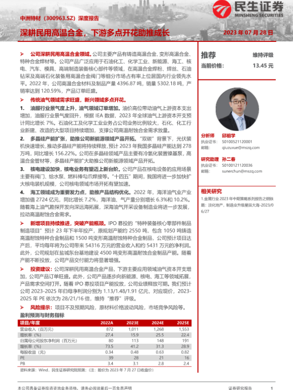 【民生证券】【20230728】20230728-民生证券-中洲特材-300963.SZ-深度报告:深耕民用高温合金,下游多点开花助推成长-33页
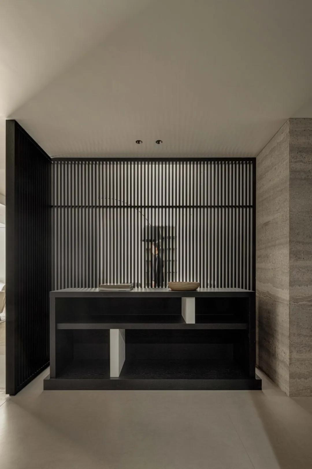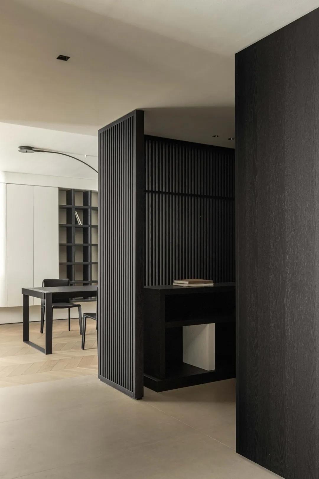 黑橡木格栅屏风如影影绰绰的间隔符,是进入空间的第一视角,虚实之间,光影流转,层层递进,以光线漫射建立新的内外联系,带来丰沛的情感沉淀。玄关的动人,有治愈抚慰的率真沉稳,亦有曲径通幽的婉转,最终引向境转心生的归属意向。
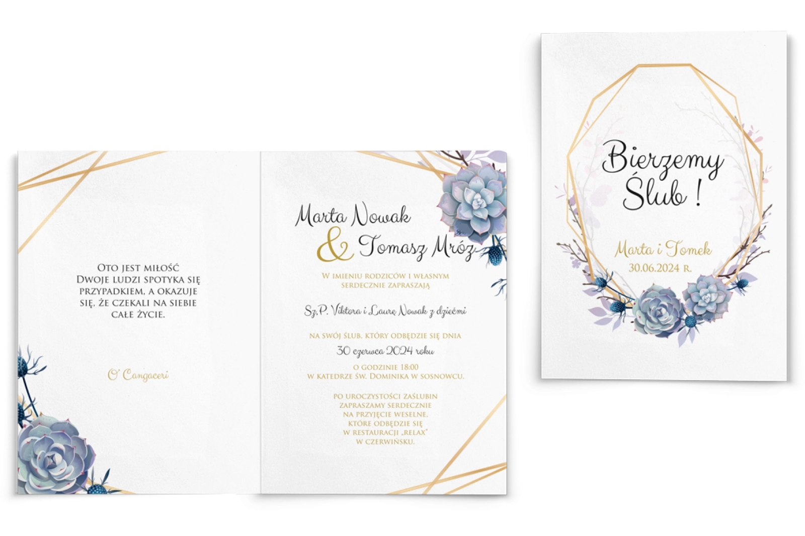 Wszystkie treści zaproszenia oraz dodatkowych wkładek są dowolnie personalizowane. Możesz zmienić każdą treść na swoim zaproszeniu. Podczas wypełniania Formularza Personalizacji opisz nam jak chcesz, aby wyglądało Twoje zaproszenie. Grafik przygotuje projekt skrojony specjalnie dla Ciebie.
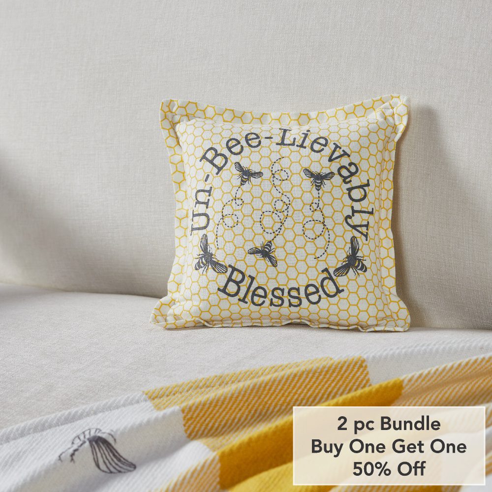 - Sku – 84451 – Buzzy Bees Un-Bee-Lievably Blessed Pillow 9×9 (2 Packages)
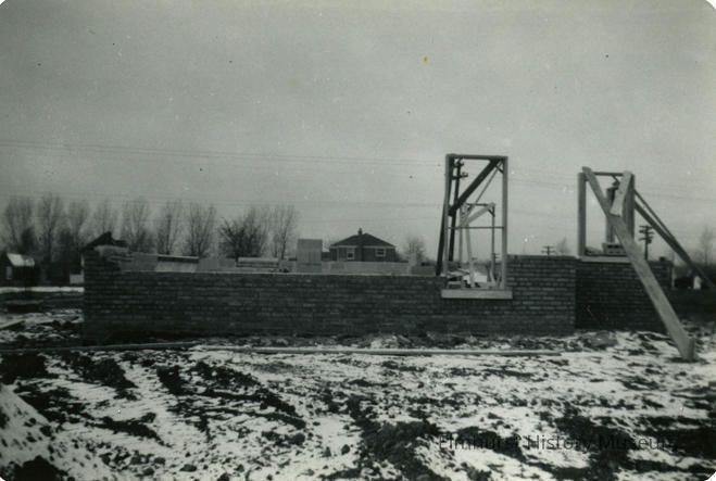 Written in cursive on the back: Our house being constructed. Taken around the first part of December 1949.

---

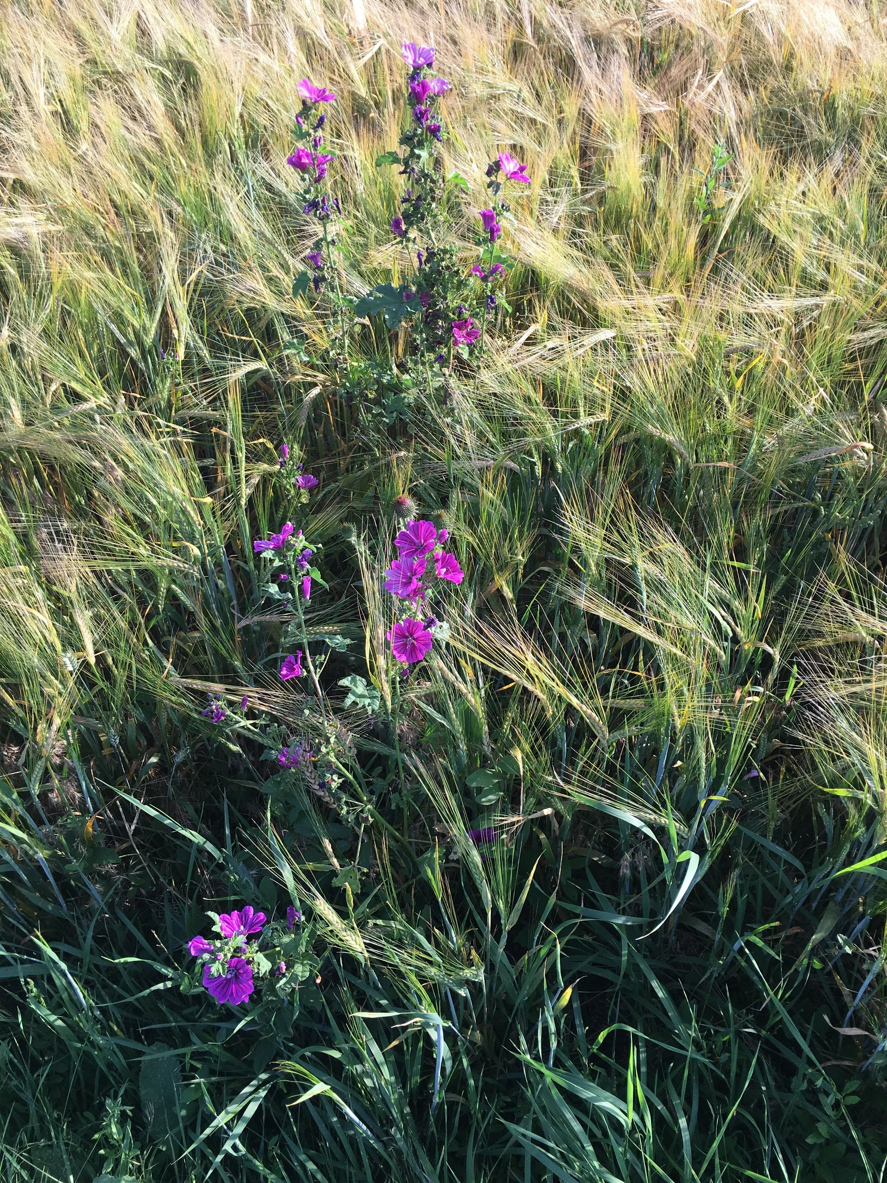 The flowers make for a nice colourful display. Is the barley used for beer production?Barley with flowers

## AIM OF THE EXERCISE:
Your copy should hold the lines from the one with "- Sku – 84451" up to and including the one with "Written in cursive", exactly as in the data above, and no pictures.

## RESULT OF THIS TASK:
 - Sku – 84451 – Buzzy Bees Un-Bee-Lievably Blessed Pillow 9×9 (2 Packages)
 Written in cursive on the back: Our house being constructed. Taken around the first part of December 1949.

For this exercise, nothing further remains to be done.